The engineering association found that the steel cables supporting the roofing structure were inadequate and did not meet regulations, and that the person who designed the construction procedures was not a professional engineer in Alberta.
“It was an extremely significant and unfortunate event,” said APEGA registrar Carol Moen. “This particular event is likely to be probably the most significant one from an impact and outcome perspective that APEGA has engaged in, in our history.”
Moen said the association levied the maximum amount allowable against the company. But, she added, work is underway to increase the maximum allowable fine for companies to $500,000 per violation as part of the first review of the provincial legislation that governs the engineering profession in about 30 years.
In addition to the fine, the association said Canadian Natural Resources will have to pay, up to a maximum of $150,000, to help develop a new practice standard on sourcing engineering and geoscience work outside of the province.
Moen said the work will help improve engineering practices across Alberta.
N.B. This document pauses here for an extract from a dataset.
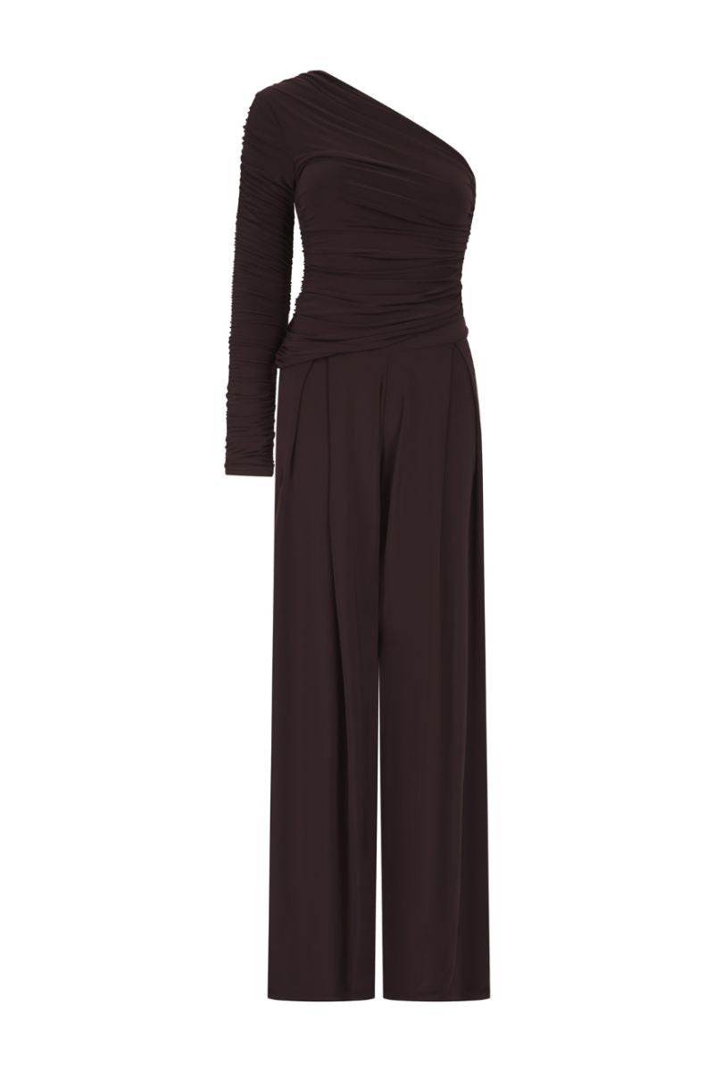 The Nepeta Set, One shoulder ruched asymmetric top provides sultry glamour paired with pleat detail pants for the perfect merging of sophistication and elegance.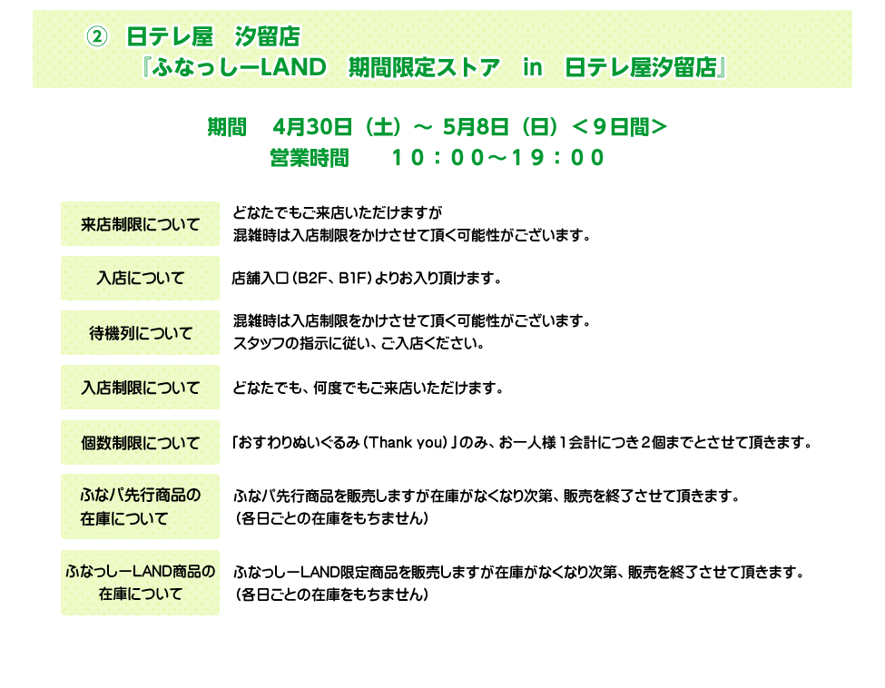 4月30日、5月1日に開催される「Meet ふなっしー!梨汁Thanks Party」なんと、このイベントに合わせて2日間限定でふなっしーLANDが汐留に登場します!!イベント先行発売グッズや、ふなっしーLANDのオリジナル新商品も発売予定。

“Our goal is to not only make sure that CNRL understands the relative significance of what has happened, but also to raise the bar for the profession,” said Moen.
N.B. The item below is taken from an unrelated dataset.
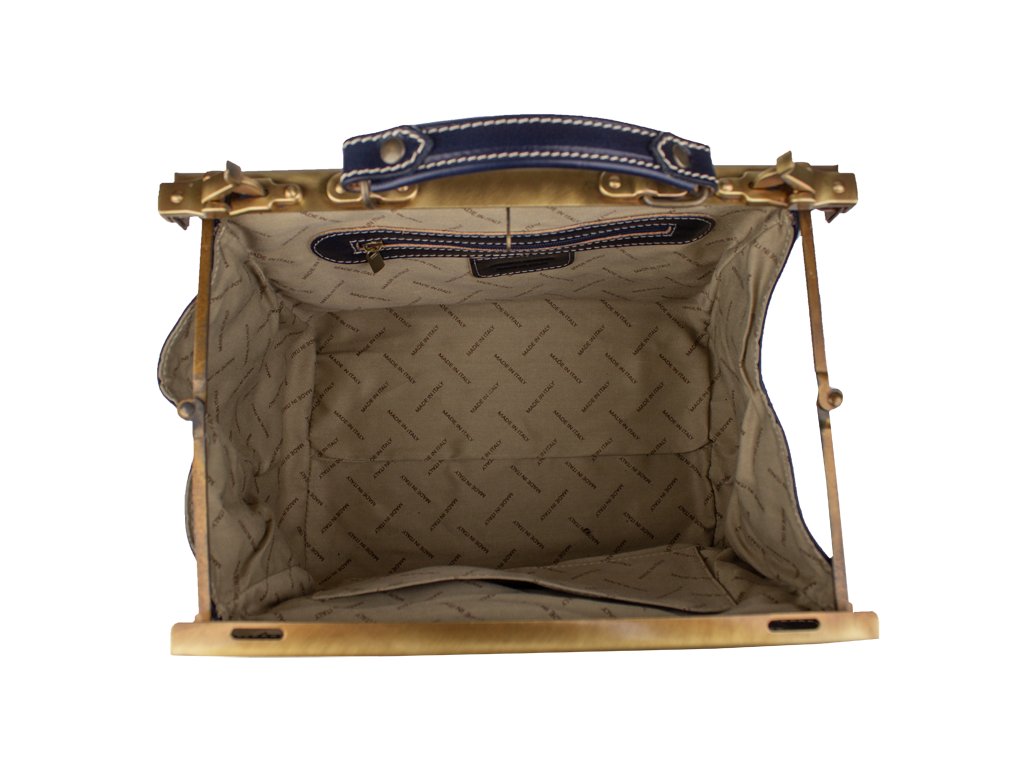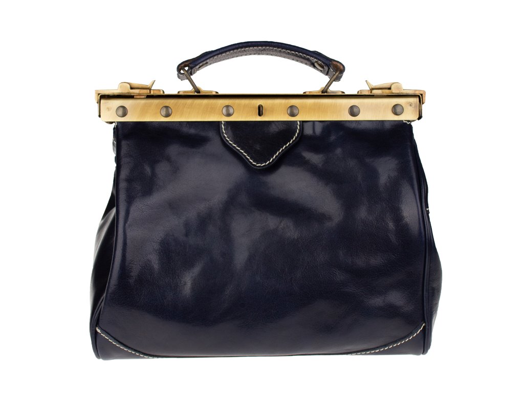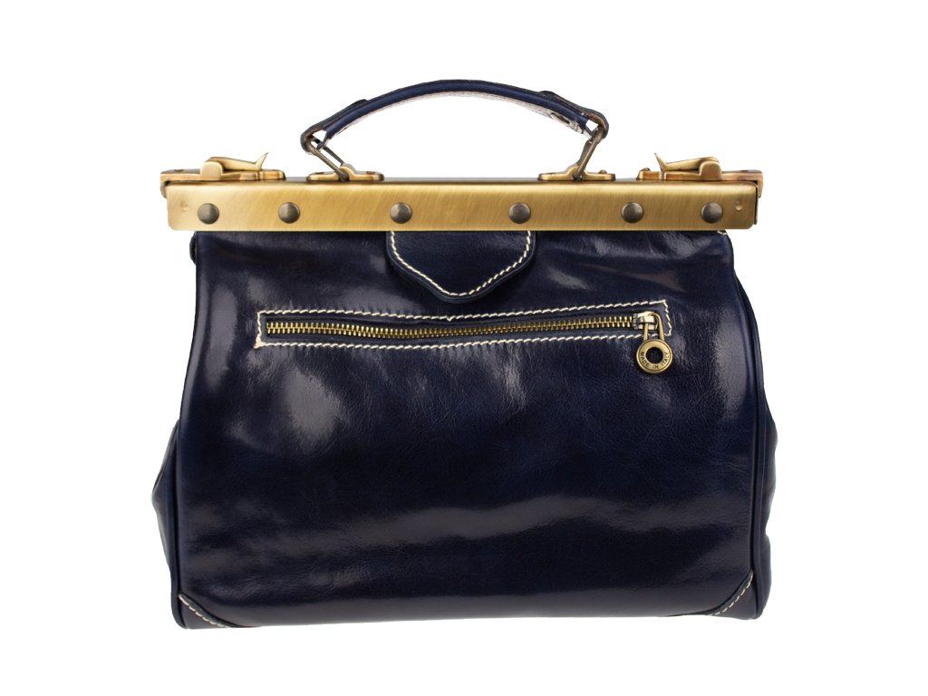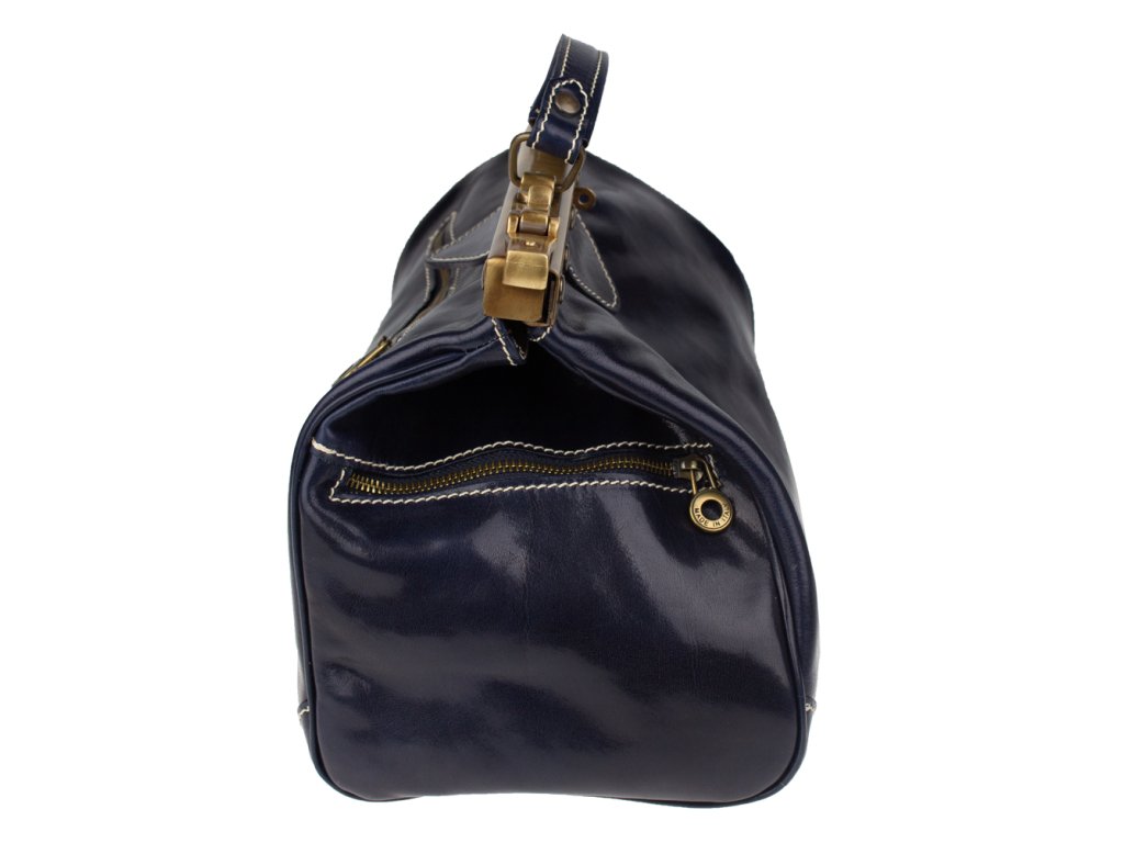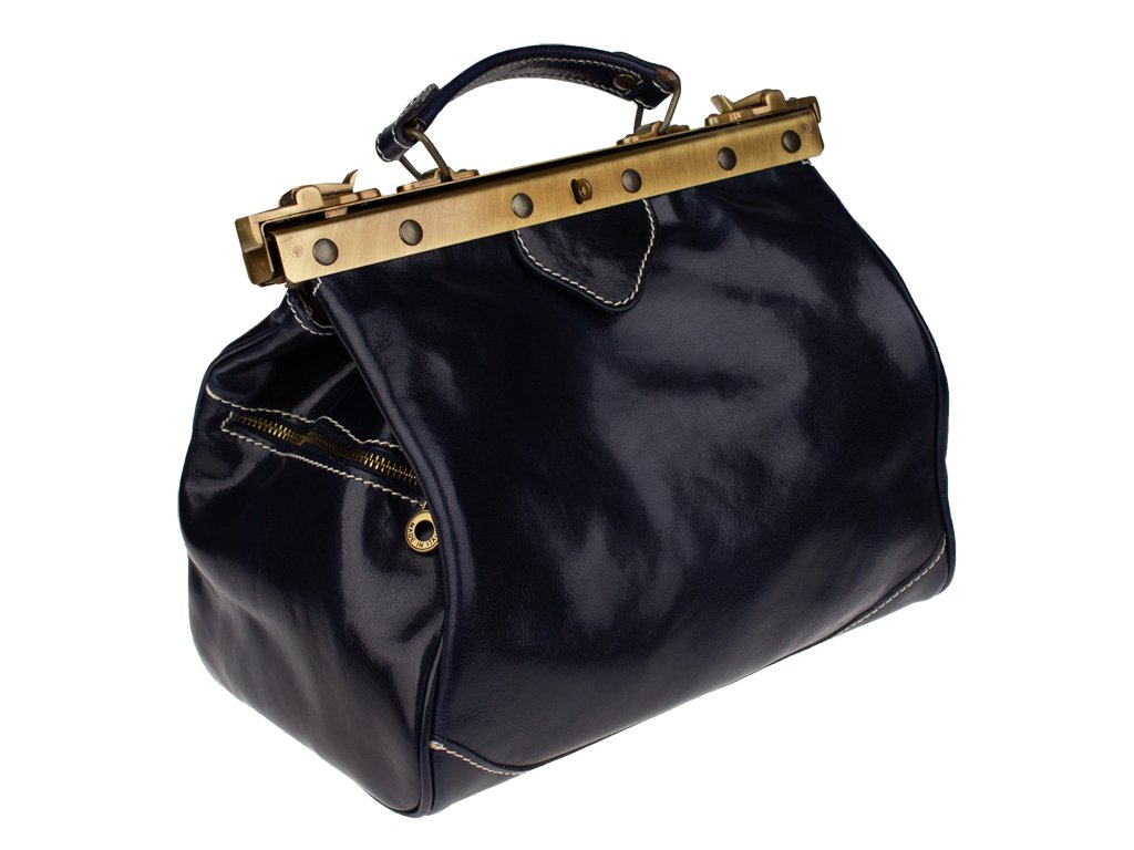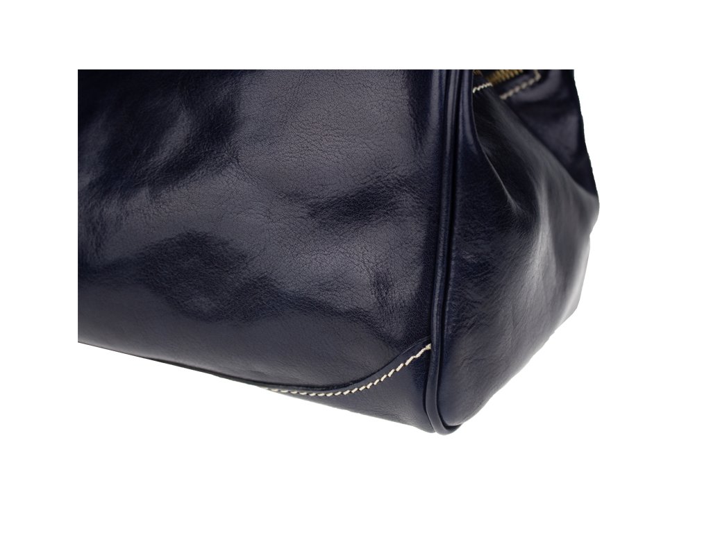 Jedinečná a elegantná kabelka s klasickým designom v modrej farbe. Je vyrobená z pravej hladkej kože. Kabelka je vhodná na nosenie do ruky, prípadne cez rameno s použitím prídavného popruhu. Kabelka sa uzatvára neobyčajným spôsobom, vďaka ktorému v nej budú Vaše veci v bezpečí. Na bočných stranách kabelka disponuje praktickými vreckami so zipsom a vo vnútri ponúka dostatok úložného priestoru, súčasťou ktorého je i vrecko na zips na stene kabelky.

Canadian Natural Resources said in a statement that it’s looking forward to developing the new standards and that a senior member of its leadership team will actively participate and work together with the association on the initiative.
The company also said that it had changed its safety practices following the tragedy and now requires contracting companies to provide evidence of qualifications before engineering work is done.
“We take every incident seriously,” said company spokeswoman Julie Woo in an email. “Following this incident, CNRL took steps to advance our processes to ensure health and safety standards are consistently met by all contractors.”
Last February, Alberta Occupational Health and Safety released the results of its investigation into the accident and concluded that the company did not do enough to ensure that one of its contractors had construction plans certified by a professional engineer.
The Canadian subsidiary of Sinopec Shanghai Engineering Co. Ltd., the Chinese engineering firm that Canadian Natural Resources contracted out to, pled guilty in 2012 to three workplace safety charges and was ordered to pay $1.5 million in penalties.
Canadian Natural Resources faced 29 workplace safety charges but they were stayed in 2012.